DERBY — School superintendents are used to complaints about education budgets that are out of control and wasting money.
But Supt. of Schools Janet Robinson now finds herself in the unusual situation of getting heat for a plan she says would save the school system money — more than $200,000. Not six months on the job, Robinson is butting heads with city officials for switching the broker of record for the Board of Education's insurance plan covering medical, dental, vision and prescriptions for school employees. Robinson said the new broker could provide the district with the same Anthem Blue Cross/Blue Shield plan school employees now use.
But the plan, sold through the Hamden-based broker Corporate Benefit Consultants, is $220,000 less than the price offered by its current broker, Hilb, Rogal & Hobbs, Robinson said.

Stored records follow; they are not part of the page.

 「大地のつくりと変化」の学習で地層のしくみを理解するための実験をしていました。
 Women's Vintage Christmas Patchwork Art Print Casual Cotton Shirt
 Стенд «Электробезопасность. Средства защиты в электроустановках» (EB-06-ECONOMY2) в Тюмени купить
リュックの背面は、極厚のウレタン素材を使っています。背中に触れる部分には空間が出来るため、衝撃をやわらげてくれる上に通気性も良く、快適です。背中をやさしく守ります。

In signing a letter of intent with the new broker, however, Robinson stepped outside a process of working through the city's Insurance Commission, causing concern among city officials. "The superintendent went out unilaterally," Mayor Marc Garofalo said. "The whole point of this was to work together."

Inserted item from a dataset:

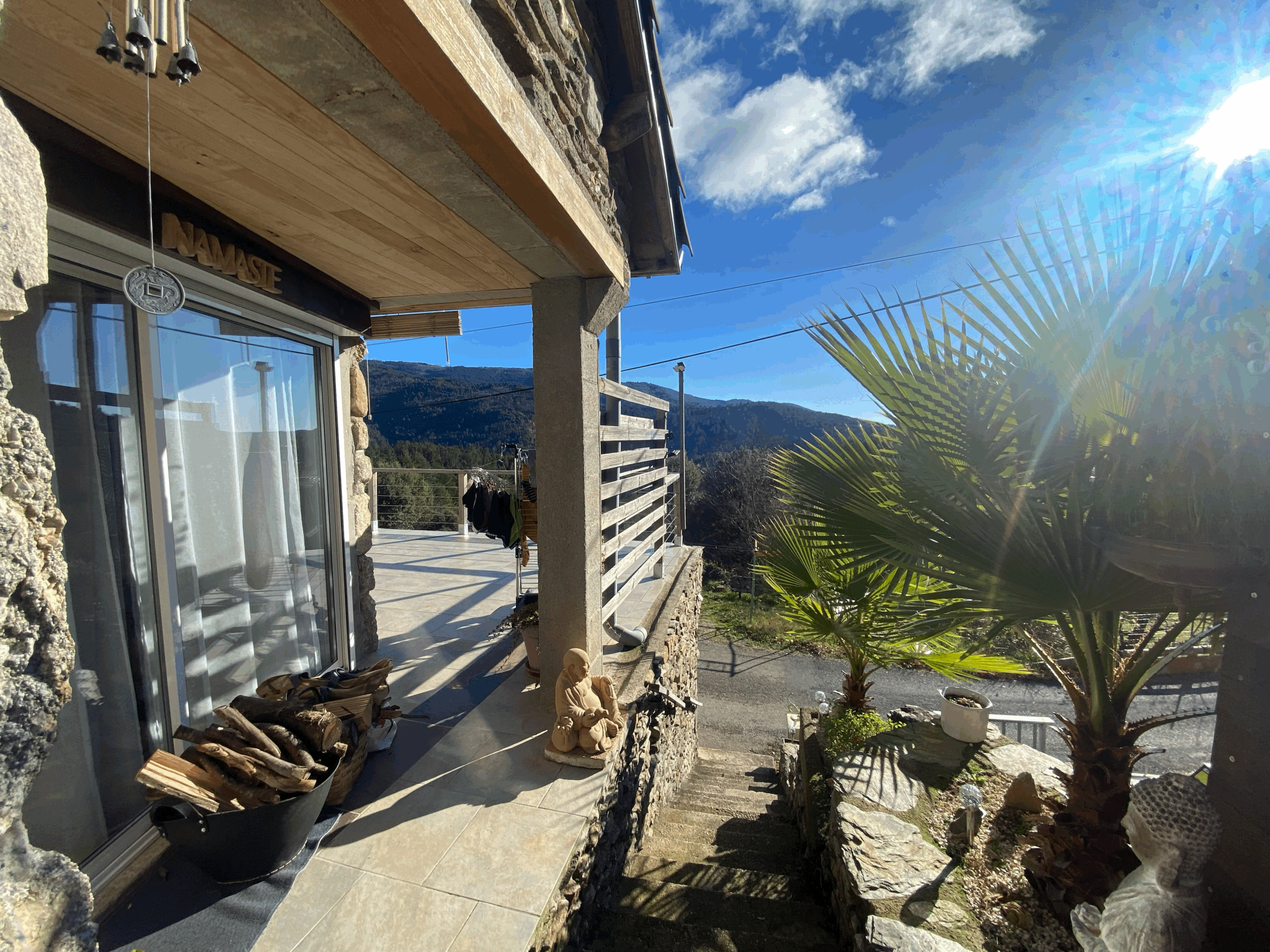 Découvrez cette superbe maison entièrement rénovée, offrant 86 m² de charme. Vous apprécierez dès l’entrée une grande pièce de vie lumineuse, parfaite pour vos moments en famille. Elle se compose de deux chambres, d’une salle d’eau, ainsi que d’un espace modulable selon vos envies : coin bureau, dressing, espace détente… Une mezzanine peut également servir de chambre supplémentaire ou d’espace loisirs. À l’extérieur, profitez d’une magnifique terrasse avec vue imprenable sur les montagnes, idéale pour vos repas et instants de détente. Un agréable jardin complète l’ensemble, offrant un bel espace de nature. Le point fort de cette maison : elle est totalement autonome grâce à son installation de panneaux solaires, vous garantissant confort et économies au quotidien. Elle bénéficie également d’une source naturelle sur le terrain, parfaite pour l’arrosage du jardin ou tout autre usage selon vos besoins. Un grand garage vient compléter ce bien, offrant une capacité de stockage appréciable ou la possibilité de créer un atelier selon vos projets. Vous n’avez plus qu’à poser vos valises et profiter pleinement de ce cadre exceptionnel.

Garofalo noted the school board agreed in December to drop its previous broker, sign up with Hilb, Rogal & Hobbs, and work through the Insurance Commission, a joint panel that includes two school board members.

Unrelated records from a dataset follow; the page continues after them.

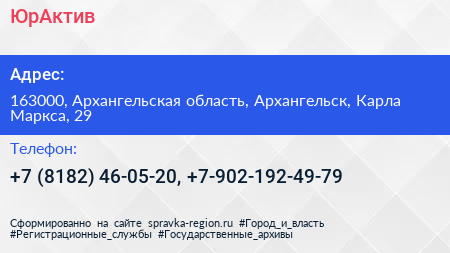 ЮрАктив по адресу 163000, Архангельская область, Архангельск, Карла Маркса, 29 в дальнейшем Организация, размещена в следующих категориях:
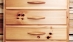 Options: custom widths, heights and depths, custom finishes and stains including a natural linseed oil finish. Blumotion slow close drawer slides
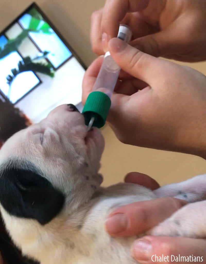 If I have to be honest, my babies weren’t really all that upset. Bosley almost seemed to like it. Kind of as if he was eating a lolli-pop. Here Sabrina is in the middle of her swab.
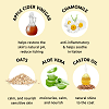 - Természetes összetevőkkel: almaecet, kamilla, aloe vera, zab, ricinusmag-olaj
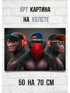 Картина арт Обезьяны макаки гориллы на холсте для интерьера
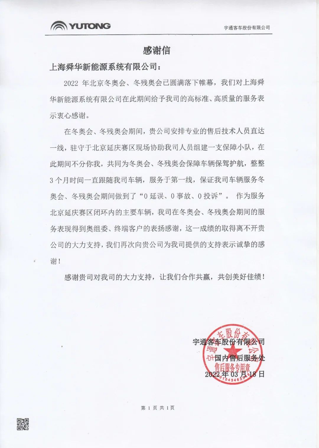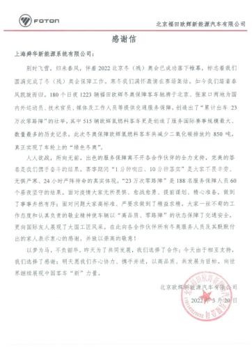 冬奧會后我們陸續(xù)收到來自多家客戶的感謝信,上海舜華新能源系統(tǒng)有限公司保供專班服務(wù)人員技術(shù)專業(yè)、快速響應(yīng)、高效服務(wù),圓滿地完成了賽事保障工作,贏得了客戶的認(rèn)可。
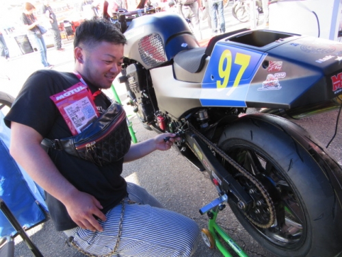 ![]() 無事フロッグ :ピンク3号2018-05-27 at 22:31PM by 店長快晴に恵まれた週末 各地でイベントやツーリングの声を聞きました^^ 気持ちいい季節に、楽しく乗るために 正しいメンテナンス、お勧めいたします^^ 明日から 7/22開催のDRAG&STYLE KASAOKA 200 DRAGのエントリー開始です。 ニンジャ乗りは勿論 スタート練習のロードライダーまで 奮って御参加下さい。一度経験すると 病みつきになりますよ^^ 画像は前後5センチダウン 初めてのニンジャレディー用参考画像です。 これぐらい下がってると、スタート 決まりそうでしょ(*^^)v テスト走行に出かけました。 3号のアッパーカウルは ウェンズデーカップで見た アシダ号に憧れてマジカルレーシングを選択^^ そのアシダさんから頂いた 豚まんがヤングに大ヒット^^ 待ちに待った愛車のテストに 余念が有りませんが・・・・ ヤングの小腹はキッチリ満たされました^^ 美味しかった~!(^^)! 男気ジャンケン。 これぐらいの人数だと 軽く危険な領域に(^_^;) 5月のピットクルー 11月もきっとクルーな デーブ松本改め、TE●GA松本が勝利しました。 愛好家らしい サマーシールドですね^^ 奥様、彼女達の 免許取得が流行してます。 きっと、バイクで夜な夜な消えていく ダーリンばっかバイクに、触発されたんでしょうね^^ カフェライダーめざして 頑張って取得されて下さい。何とか製作します^^ こんな置き土産が、置いてあります^^ たばこの包み紙かな? 器用に男性も捕まえてクダサイね!(^^)! 応援してますよ 他のライダーに比べ ビビリミッターが効いてるので 全然飛び込めていません(>_<)お恥ずかしい・・・・ しか~し 業務はガンガン追い込んで行きますよ~^^ お待たせしているお客様の 笑顔をガソリンに フルスロットルで製作して参ります(^^ゞ 今週も、宜しくお願い致します<m(__)m> テイスト参戦記3 まとめ2018-05-21 at 14:53PM by 店長とうとう当日 モンスタークラスに出場している 大山さんがクルーに徹してくれて ホントに心強かったm(__)m 慣れないサーキットは 施設の場所さえ不安要素 きめ細かいサポート、私も見習います。 ホントに有り難うございました<m(__)m> Z900RSデモ車に跨り 大福顔のデーブ松本くん。宿隣接の ドンキホーテにTEN●Aを買いに行ったのは 内緒にしときますね^^ 1週目の1ヘアでは アシダさんにミサイルになりかけ オタオタが直りません。気を取り直そうと ピットインするも もう時間切れ(+o+) 昨日のタイムが出ない・・・・(^_^;) クルーしてくれてるみんなや、応援して下さる方の為 そして弱気な自分に負けないために 一つでも順位上げなきゃと 自分にプレッシャーかけます(>_<) キカイダ―のサイドバイクも♡ オッサンの憧れですね^^ ニンジャと言えば ブルドッカータゴス 田子さん ヤングニンジャ挨拶周りの件は お願いしておきました。色々な話を^^ 聞いて見聞を広めたらいいと思います。 田子さんが優しく教えてくれますよ^^ YSSキャンギャルの松島さんとのショット♡ 視線はパイの彼方 後ろには現地 アジアの国から来た二人・・・・・!(^^)! 表彰台ねらえるチーム^^ 頑張ってくださいね~と思いながら・・・ 緊張MAXでしたが 自分なりにベストラップは更新して 怪我無く無事に終了しました。 6秒台には届かず(T_T) 7秒11の初筑波で幕を閉じました。 私が走るために協力戴いた 全ての皆様に 心からお礼を申し上げます<m(__)m> アシダサンが 浪速の御老公様にDOGEZA^^ 完敗の御挨拶の様です(^_^;) もちろん私も御挨拶致しました。暫くかかると思いますが スタート先行で逃げ切りたいと思います。 後ろから詰めてくるガンマの音 蛭田社長の音は分かるんです^^ 私を含め、いい思い出になりましたね。 こんな感じで初めてのツクバ 無事終了致しました。 お世話になった K-FACTORY様 MAGICALRACING様 PMC様 SPEED TEC様 中川商会様 BRIDGESTONE様 MARVELOUSENGINEERING様 NakheysSpeed様 その他関係各社様 全てのMC・GEMMAのお客様に大変感謝しております。 秋のKAGURADUKI STAGEは 11月10.11日 私の出場するZERO1は11日です。 頑張って態勢整えて参戦したいと思いますので これからもMC・GEMMAを宜しくお願い致します。 本日より通常業務 頑張って行きますよ~(^^ゞ

The medical and dental rates increased 14.5 percent between 2003-04 and 2004-05, according to the minutes of the May Insurance Commission meeting. Robinson, who started in January, said she was unaware of the commission when she achieved her goal of no increase in health insurance costs for the fiscal year beginning July 1. "It had been going up continually," Robinson said.
After discovering the insurance commission's arrangement with Hilb, Rogal & Hobbs, Robinson said she went back to the firm, but received a commitment of a 6.6 percent increase. She decided to stick with Corporate Benefit Consultants.
"My board backs me on this," said Robinson, who shares the authority to sign with an agent of record with the two school board members who serve on the commission. Alderman and commission member Sam Rizzitelli said Tuesday the commission had intended to use Hilb, Rogal & Hobbs as the broker of record for both the Board of Education and the city in the coming fiscal year. The Insurance Commission meets to discuss the issue at 6 p.m. today in the old City Hall on Fifth Street.